[Record excerpts]
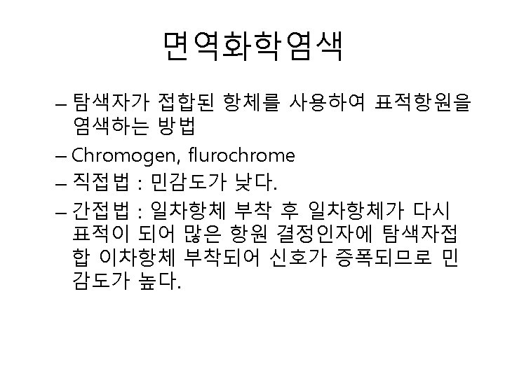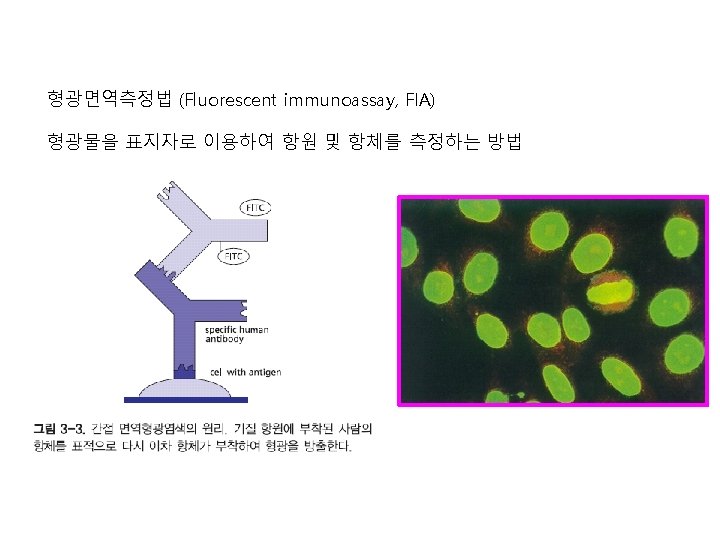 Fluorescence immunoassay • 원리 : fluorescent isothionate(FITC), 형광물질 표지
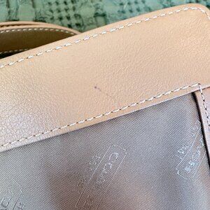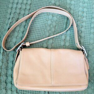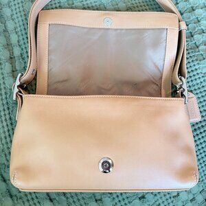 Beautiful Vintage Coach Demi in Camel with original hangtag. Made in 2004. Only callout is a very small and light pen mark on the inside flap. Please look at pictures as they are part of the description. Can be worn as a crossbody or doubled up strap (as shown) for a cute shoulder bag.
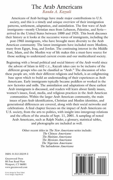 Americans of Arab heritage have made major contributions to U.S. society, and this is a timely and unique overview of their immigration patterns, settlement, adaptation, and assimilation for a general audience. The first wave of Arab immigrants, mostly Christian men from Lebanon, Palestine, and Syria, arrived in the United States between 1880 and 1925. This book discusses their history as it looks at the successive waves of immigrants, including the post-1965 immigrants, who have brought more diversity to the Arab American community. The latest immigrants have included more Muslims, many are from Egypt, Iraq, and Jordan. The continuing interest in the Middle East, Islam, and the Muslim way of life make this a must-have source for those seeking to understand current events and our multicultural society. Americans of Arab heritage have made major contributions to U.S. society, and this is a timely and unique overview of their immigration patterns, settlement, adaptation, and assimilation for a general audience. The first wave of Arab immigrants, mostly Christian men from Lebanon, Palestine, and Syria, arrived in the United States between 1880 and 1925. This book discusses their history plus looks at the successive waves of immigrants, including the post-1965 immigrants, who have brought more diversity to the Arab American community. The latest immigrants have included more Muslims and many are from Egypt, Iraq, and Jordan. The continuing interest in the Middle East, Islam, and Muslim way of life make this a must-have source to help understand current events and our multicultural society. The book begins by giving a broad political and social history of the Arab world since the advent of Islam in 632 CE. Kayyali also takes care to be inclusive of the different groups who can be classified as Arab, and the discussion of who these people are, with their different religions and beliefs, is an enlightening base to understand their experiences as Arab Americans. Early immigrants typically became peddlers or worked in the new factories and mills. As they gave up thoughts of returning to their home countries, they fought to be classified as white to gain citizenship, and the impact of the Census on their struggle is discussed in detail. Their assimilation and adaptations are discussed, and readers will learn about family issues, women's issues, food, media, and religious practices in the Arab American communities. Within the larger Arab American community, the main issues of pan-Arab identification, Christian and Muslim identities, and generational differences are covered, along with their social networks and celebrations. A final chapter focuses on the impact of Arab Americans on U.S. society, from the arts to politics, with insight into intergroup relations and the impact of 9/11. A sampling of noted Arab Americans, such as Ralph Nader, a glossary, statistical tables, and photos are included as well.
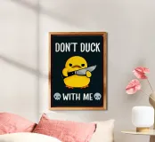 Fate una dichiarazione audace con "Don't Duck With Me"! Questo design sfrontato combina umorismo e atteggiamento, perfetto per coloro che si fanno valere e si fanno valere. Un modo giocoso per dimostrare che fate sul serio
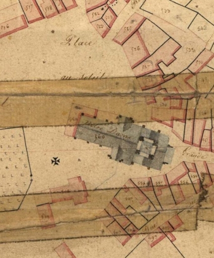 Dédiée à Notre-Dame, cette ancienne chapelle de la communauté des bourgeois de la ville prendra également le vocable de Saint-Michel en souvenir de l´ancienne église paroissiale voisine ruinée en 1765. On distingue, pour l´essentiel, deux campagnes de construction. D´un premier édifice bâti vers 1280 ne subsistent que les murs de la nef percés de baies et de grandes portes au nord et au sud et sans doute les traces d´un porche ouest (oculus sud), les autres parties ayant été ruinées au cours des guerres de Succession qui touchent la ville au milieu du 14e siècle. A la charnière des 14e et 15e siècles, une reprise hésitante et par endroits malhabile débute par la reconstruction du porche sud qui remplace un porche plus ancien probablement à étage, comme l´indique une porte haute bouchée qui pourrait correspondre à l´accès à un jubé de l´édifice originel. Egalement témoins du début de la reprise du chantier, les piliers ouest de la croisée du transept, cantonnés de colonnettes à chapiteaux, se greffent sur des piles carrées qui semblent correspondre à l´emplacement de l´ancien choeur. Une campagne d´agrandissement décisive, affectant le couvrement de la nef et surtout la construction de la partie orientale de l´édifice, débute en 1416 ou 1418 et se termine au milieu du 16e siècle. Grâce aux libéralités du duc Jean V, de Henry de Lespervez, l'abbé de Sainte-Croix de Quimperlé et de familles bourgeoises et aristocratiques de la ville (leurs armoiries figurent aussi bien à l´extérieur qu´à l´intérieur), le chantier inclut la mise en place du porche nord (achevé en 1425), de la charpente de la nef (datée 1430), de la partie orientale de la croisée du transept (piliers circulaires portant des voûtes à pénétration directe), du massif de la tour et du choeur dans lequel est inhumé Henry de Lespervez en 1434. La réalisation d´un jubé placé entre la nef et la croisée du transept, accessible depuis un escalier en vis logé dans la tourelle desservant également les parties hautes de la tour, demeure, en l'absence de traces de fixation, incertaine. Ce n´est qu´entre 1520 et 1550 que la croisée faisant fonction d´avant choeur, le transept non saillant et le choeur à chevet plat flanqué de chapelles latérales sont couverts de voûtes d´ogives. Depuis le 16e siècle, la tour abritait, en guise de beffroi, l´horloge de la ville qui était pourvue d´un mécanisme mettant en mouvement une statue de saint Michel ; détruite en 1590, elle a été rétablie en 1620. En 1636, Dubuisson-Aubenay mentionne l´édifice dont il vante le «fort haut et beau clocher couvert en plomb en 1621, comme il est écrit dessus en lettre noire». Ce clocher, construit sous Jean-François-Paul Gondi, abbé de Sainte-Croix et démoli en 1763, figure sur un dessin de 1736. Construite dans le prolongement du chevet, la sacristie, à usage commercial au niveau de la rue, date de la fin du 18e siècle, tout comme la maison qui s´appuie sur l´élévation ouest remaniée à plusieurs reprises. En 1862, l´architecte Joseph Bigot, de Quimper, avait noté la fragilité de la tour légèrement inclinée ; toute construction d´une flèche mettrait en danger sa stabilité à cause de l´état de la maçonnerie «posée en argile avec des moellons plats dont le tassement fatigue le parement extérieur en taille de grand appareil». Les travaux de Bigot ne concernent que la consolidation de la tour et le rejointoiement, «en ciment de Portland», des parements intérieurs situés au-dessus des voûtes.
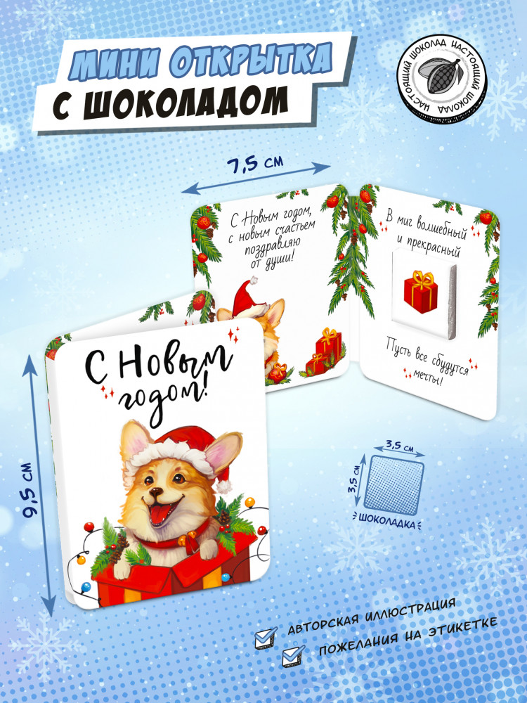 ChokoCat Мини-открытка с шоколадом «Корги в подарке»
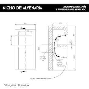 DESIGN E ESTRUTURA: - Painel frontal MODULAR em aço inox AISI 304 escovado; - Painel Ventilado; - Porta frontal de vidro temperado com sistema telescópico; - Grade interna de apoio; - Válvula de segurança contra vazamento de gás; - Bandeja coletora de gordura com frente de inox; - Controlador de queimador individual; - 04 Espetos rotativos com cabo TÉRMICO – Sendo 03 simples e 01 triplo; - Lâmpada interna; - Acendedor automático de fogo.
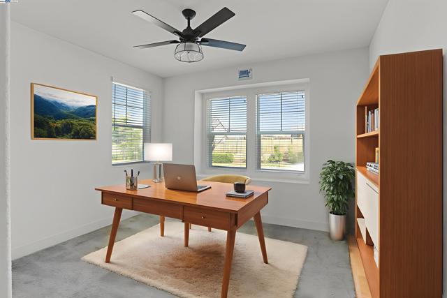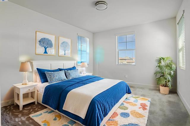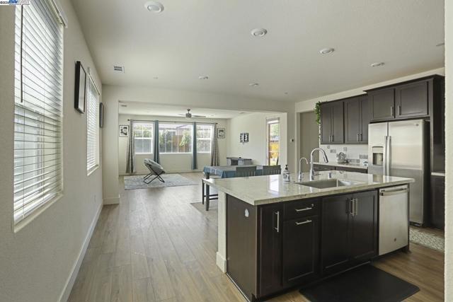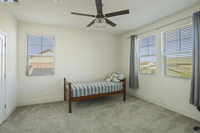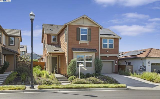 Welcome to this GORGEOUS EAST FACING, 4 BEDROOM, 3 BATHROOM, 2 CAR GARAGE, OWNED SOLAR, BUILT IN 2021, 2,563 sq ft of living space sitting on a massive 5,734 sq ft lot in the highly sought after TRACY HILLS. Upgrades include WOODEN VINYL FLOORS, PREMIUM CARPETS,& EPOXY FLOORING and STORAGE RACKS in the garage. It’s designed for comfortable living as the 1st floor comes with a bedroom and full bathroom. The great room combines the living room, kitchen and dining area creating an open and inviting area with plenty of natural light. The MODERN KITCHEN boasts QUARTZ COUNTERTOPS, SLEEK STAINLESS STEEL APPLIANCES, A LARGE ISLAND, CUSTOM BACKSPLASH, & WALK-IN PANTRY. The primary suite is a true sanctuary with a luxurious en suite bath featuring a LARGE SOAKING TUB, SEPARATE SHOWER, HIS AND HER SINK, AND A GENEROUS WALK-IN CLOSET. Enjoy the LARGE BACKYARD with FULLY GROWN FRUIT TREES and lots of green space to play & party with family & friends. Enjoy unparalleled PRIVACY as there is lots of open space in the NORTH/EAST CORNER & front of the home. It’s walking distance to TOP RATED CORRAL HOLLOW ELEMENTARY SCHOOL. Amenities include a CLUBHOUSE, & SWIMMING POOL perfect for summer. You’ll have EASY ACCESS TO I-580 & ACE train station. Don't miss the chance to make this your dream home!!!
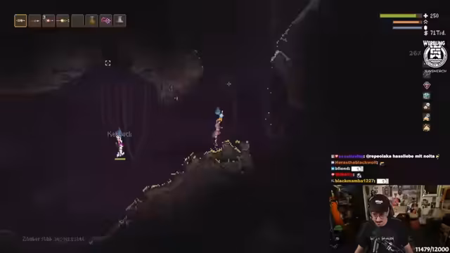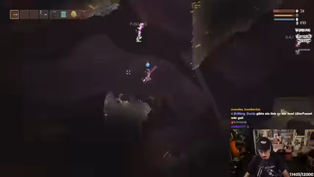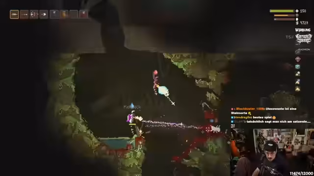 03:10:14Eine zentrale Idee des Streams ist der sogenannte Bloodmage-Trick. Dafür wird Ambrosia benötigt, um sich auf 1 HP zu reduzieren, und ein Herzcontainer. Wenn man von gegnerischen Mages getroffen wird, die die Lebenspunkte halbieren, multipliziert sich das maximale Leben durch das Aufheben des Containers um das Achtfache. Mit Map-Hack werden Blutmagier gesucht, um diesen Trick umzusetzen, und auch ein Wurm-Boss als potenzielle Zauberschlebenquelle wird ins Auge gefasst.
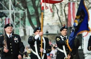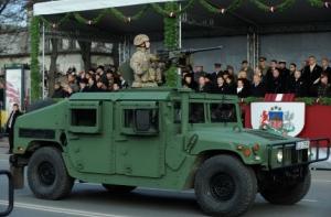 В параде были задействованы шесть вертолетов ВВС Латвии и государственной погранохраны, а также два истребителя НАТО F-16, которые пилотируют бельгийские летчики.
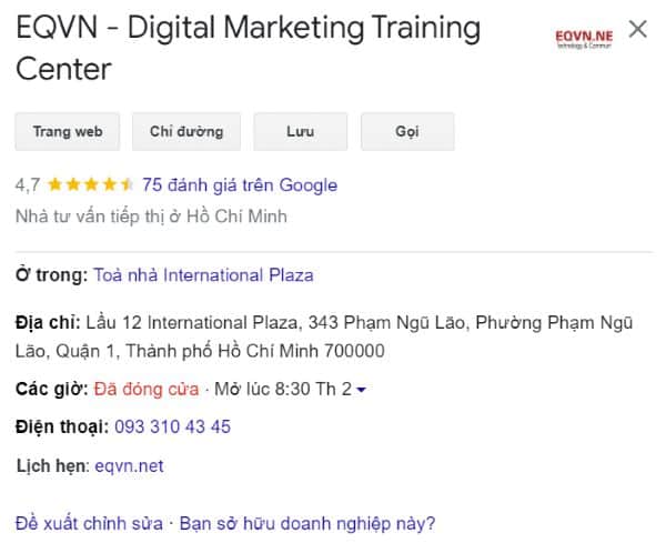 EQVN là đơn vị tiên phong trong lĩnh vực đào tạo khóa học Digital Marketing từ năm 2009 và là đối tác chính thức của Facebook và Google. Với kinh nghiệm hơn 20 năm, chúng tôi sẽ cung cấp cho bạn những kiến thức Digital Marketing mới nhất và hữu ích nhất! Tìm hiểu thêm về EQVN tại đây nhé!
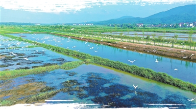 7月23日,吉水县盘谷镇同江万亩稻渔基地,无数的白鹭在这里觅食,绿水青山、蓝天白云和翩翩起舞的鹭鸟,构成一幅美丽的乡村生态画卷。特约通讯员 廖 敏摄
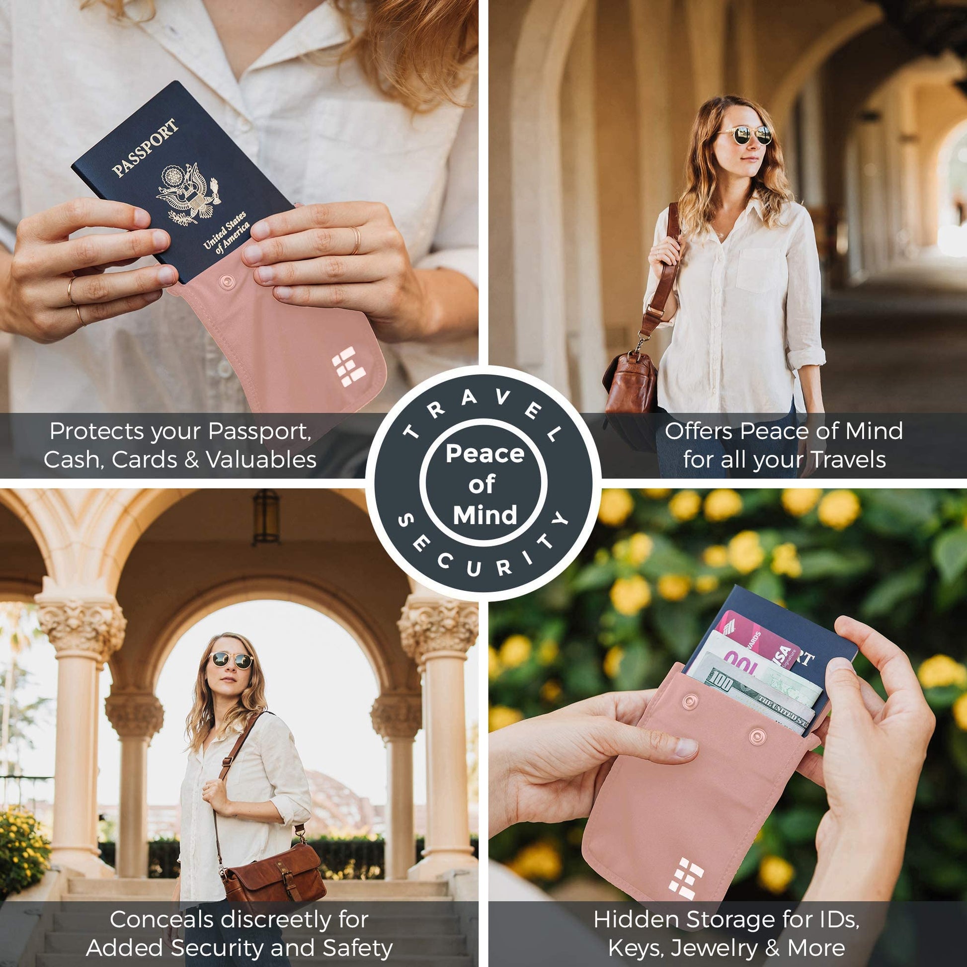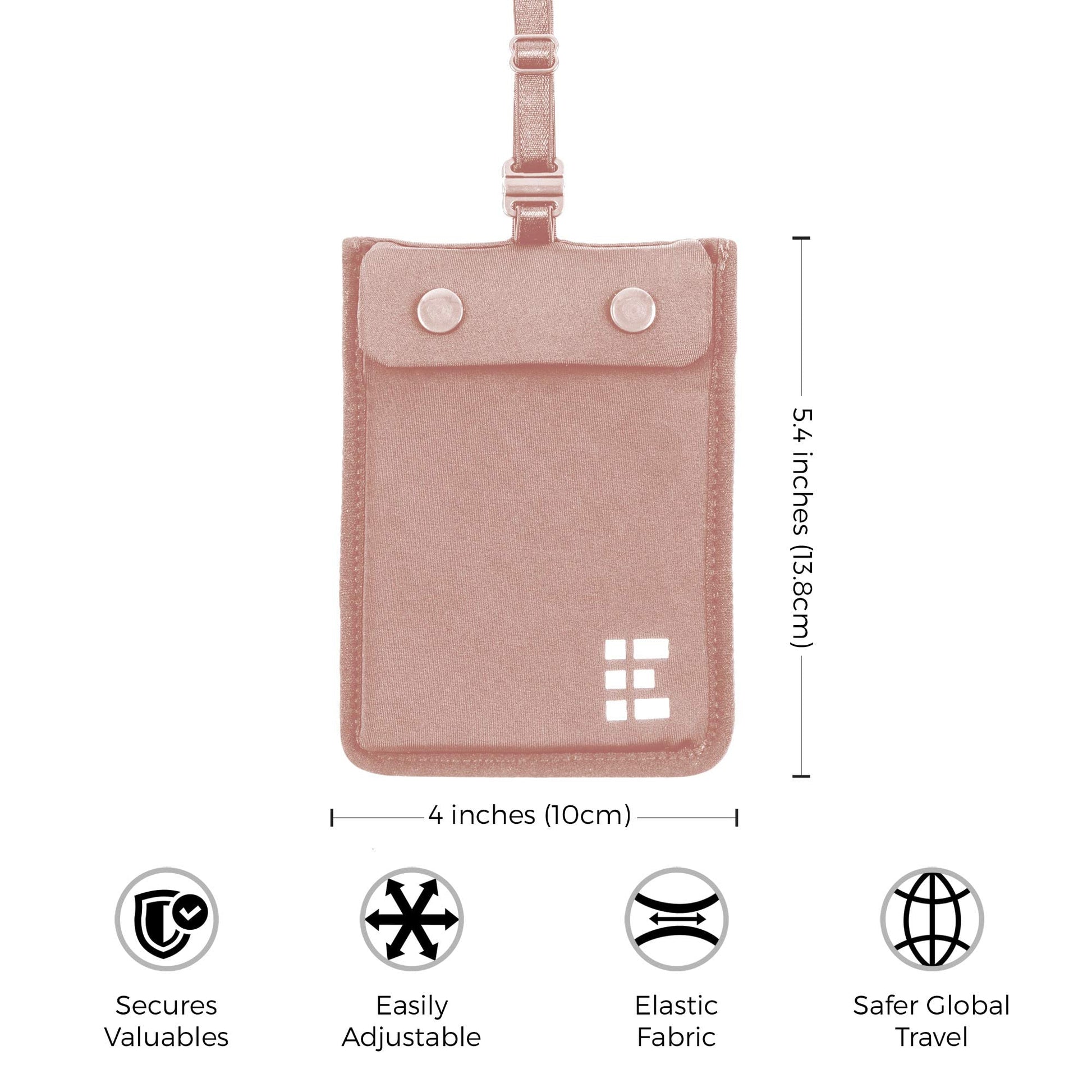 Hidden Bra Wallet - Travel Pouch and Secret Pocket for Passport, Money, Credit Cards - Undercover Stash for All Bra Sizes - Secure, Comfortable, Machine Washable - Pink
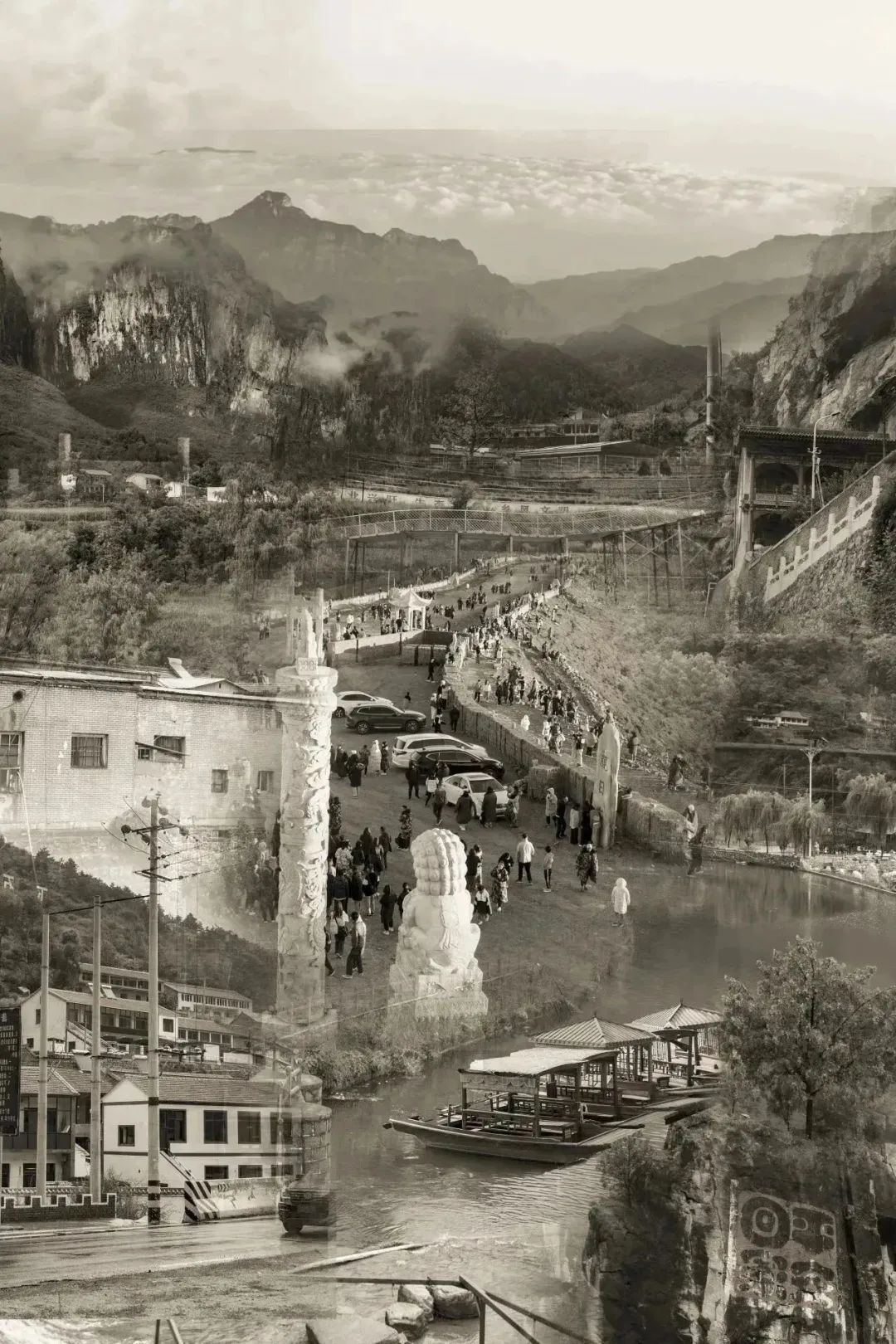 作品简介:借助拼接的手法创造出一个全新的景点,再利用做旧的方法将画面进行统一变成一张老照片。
[/Record excerpts]
Instructions to follow: No pictures should appear in the copy. Print exactly the lines above from the line containing "Hidden Bra Wallet" through the last line of the data.

Answer to this exercise:
 Hidden Bra Wallet - Travel Pouch and Secret Pocket for Passport, Money, Credit Cards - Undercover Stash for All Bra Sizes - Secure, Comfortable, Machine Washable - Pink
 作品简介:借助拼接的手法创造出一个全新的景点,再利用做旧的方法将画面进行统一变成一张老照片。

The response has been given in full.